## EXERCISE PROMPT
Each entry is to be repeated word for word, and the images are to be dropped.

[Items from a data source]
# # # #
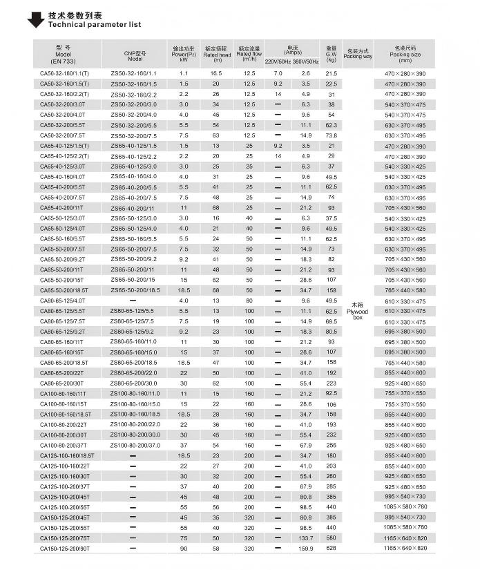 La pompe centrifuge en acier inoxydable de la série CA, dont le corps, le couvercle, la roue et les autres pièces d'écoulement sont en acier inoxydable, peut remplacer la pompe moulée traditionnelle.
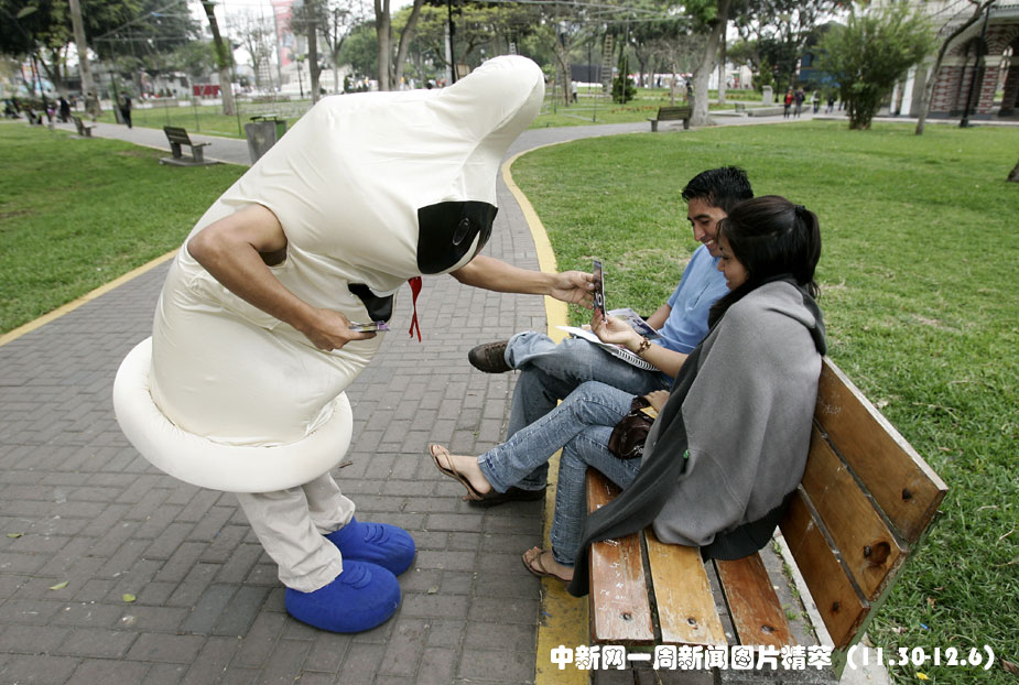 12月1日,世界艾滋病日,智利首都利馬的一對情侶從防艾宣傳者中接過避孕套。圖片來源:中國新聞網
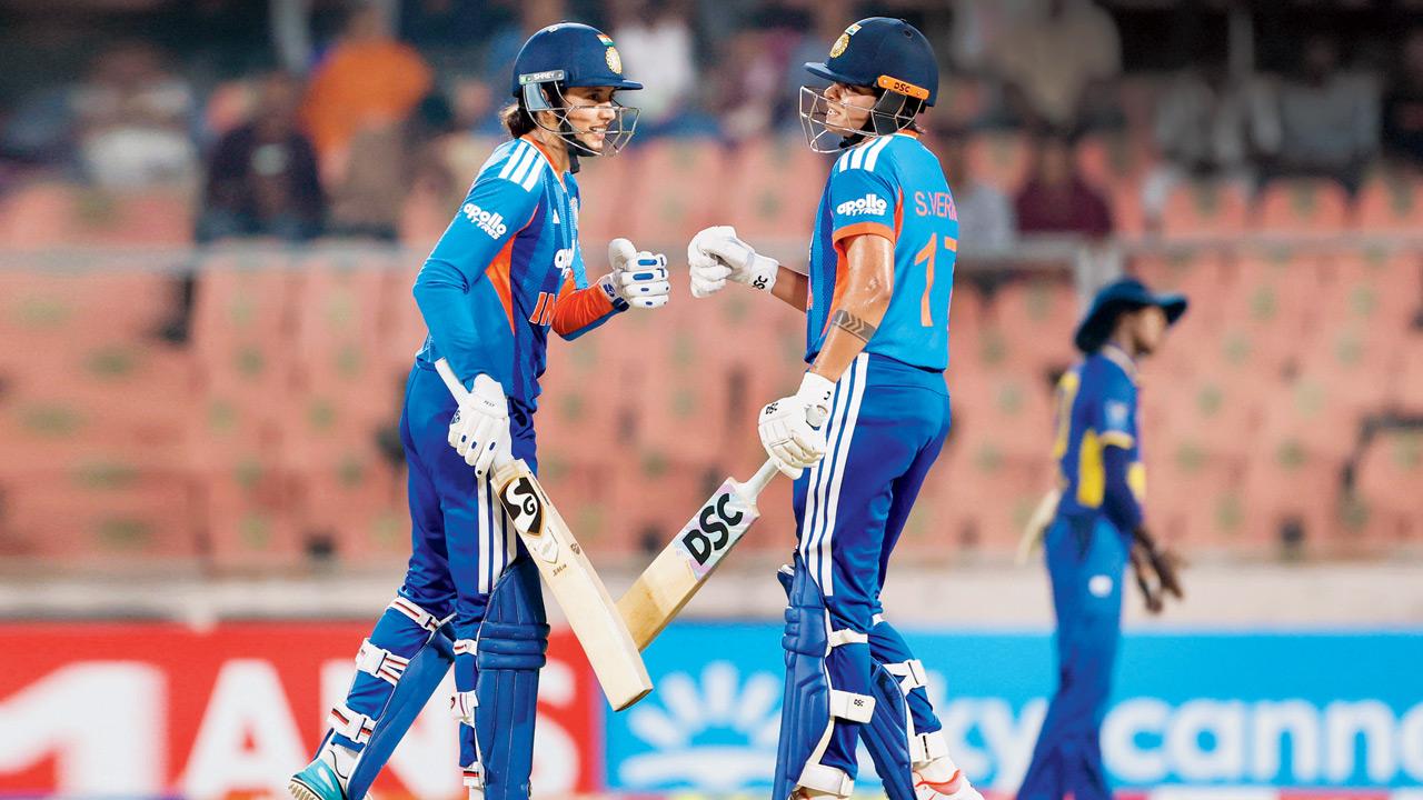 Anteriormente, Mandhana e Shafali deram uma aula magistral de rebatidas para martelar os arremessadores do Sri Lanka em todo o Greenfield International Stadium após serem colocados no bastão. Perto do final, Richa Ghosh acertou uma bola 40 de 16 que não foi eliminada e o capitão Harmanpreet Kaur acertou 16 bolas de 9 que não foi eliminado, enquanto a Índia atingia um total enorme.
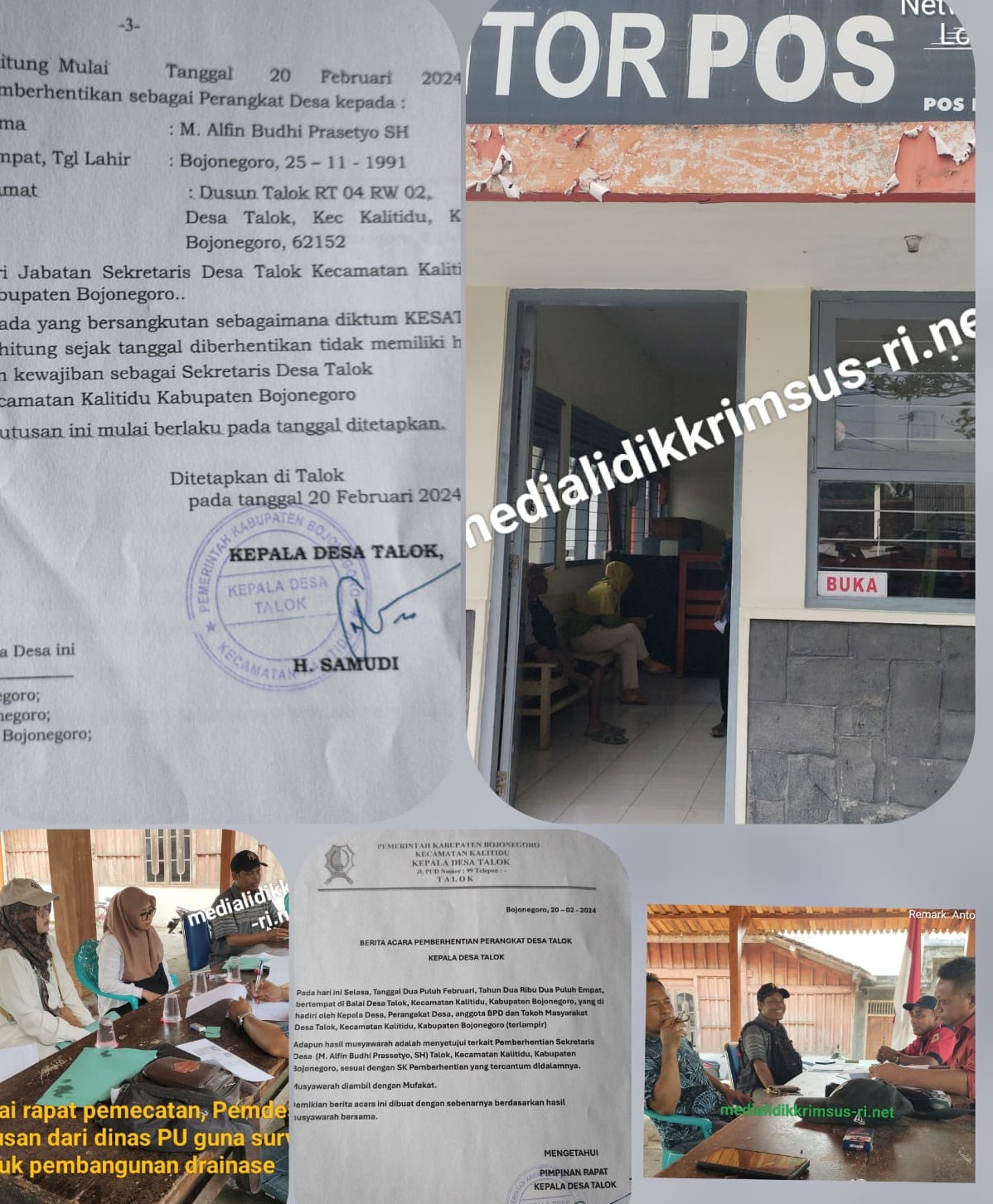 Bojonegoro Jatim, medialidikkrimsus-ri.net // Semenjak terjadinya ketidakharmonisan antara Kepala Desa (Kades) Talok, H. Samudi dengan Sekretaris Desa (Sekdes) Talok, M. Alfin Budhi Prasetyo, S.H, jalannya Pemerintahan Desa ( Pemdes) Talok, Kecamatan Kalitidu, Kabupaten Bojonegoro, Jawa Timur, tampaknya semakin menjadi polemik masyarakat luas kabupaten Bojonegoro. Pasalnya hingga saat ini masih belum juga selesai. Salah satunya terkait proses pemecatan perangkat desa Sekdes yang konon berbagai usaha telah dilakukan oleh Pemdes Talok,
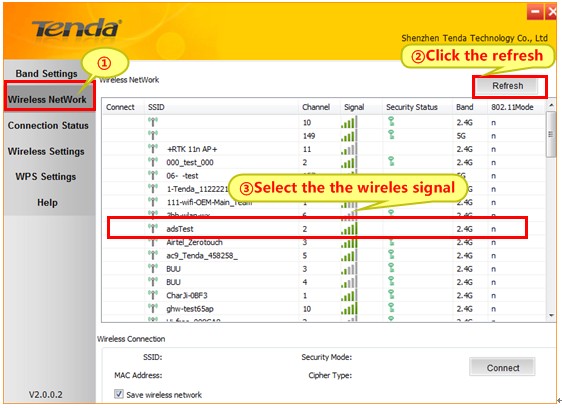 1. Click Refresh to upgrade the available wireless network list, select a desired wireless network and then click Connect.
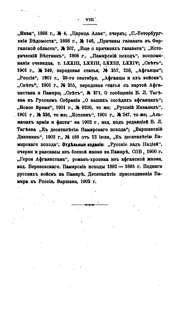 «Памирские походы бесспорно можно считать самыми трудными походами в Азии, в смысле борьбы с суровой природой, обессмертившими новой славой лихие туркестанские войска, водрузившие русское знамя на суровой «крыше мира»
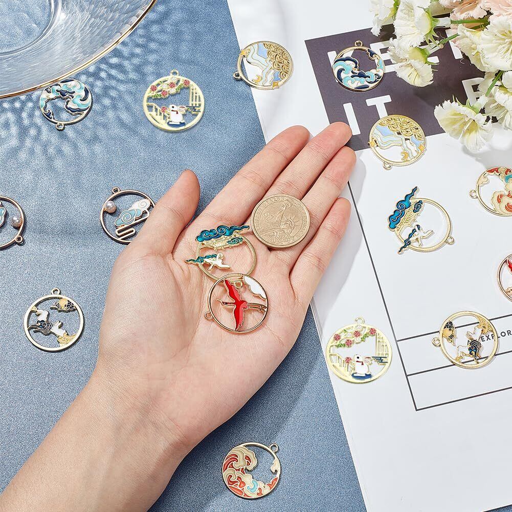 SUNNYCLUE 和風の恋 16個8種 和風 チャーム 鶴 浮世絵 うさぎ チャーム つる 海 兎 パーツ コウノトリ 波 ピアス 雲 海洋 イヤリング 白雲 オーシャン フレーム ネックレス 寺 ブレスレット 山 浪 キーホルダー メタルパーツ エナメル 合金 マカロン アクセサリー 基礎パーツ ジュエリー作り レディース デコキット クラフト手芸 手作りハンドメイド キット DIY飾り物
# # # #
## PROBLEM SOLUTION
 La pompe centrifuge en acier inoxydable de la série CA, dont le corps, le couvercle, la roue et les autres pièces d'écoulement sont en acier inoxydable, peut remplacer la pompe moulée traditionnelle.
 12月1日,世界艾滋病日,智利首都利馬的一對情侶從防艾宣傳者中接過避孕套。圖片來源:中國新聞網
 Anteriormente, Mandhana e Shafali deram uma aula magistral de rebatidas para martelar os arremessadores do Sri Lanka em todo o Greenfield International Stadium após serem colocados no bastão. Perto do final, Richa Ghosh acertou uma bola 40 de 16 que não foi eliminada e o capitão Harmanpreet Kaur acertou 16 bolas de 9 que não foi eliminado, enquanto a Índia atingia um total enorme.
 Bojonegoro Jatim, medialidikkrimsus-ri.net // Semenjak terjadinya ketidakharmonisan antara Kepala Desa (Kades) Talok, H. Samudi dengan Sekretaris Desa (Sekdes) Talok, M. Alfin Budhi Prasetyo, S.H, jalannya Pemerintahan Desa ( Pemdes) Talok, Kecamatan Kalitidu, Kabupaten Bojonegoro, Jawa Timur, tampaknya semakin menjadi polemik masyarakat luas kabupaten Bojonegoro. Pasalnya hingga saat ini masih belum juga selesai. Salah satunya terkait proses pemecatan perangkat desa Sekdes yang konon berbagai usaha telah dilakukan oleh Pemdes Talok,
 1. Click Refresh to upgrade the available wireless network list, select a desired wireless network and then click Connect.
 «Памирские походы бесспорно можно считать самыми трудными походами в Азии, в смысле борьбы с суровой природой, обессмертившими новой славой лихие туркестанские войска, водрузившие русское знамя на суровой «крыше мира»
 SUNNYCLUE 和風の恋 16個8種 和風 チャーム 鶴 浮世絵 うさぎ チャーム つる 海 兎 パーツ コウノトリ 波 ピアス 雲 海洋 イヤリング 白雲 オーシャン フレーム ネックレス 寺 ブレスレット 山 浪 キーホルダー メタルパーツ エナメル 合金 マカロン アクセサリー 基礎パーツ ジュエリー作り レディース デコキット クラフト手芸 手作りハンドメイド キット DIY飾り物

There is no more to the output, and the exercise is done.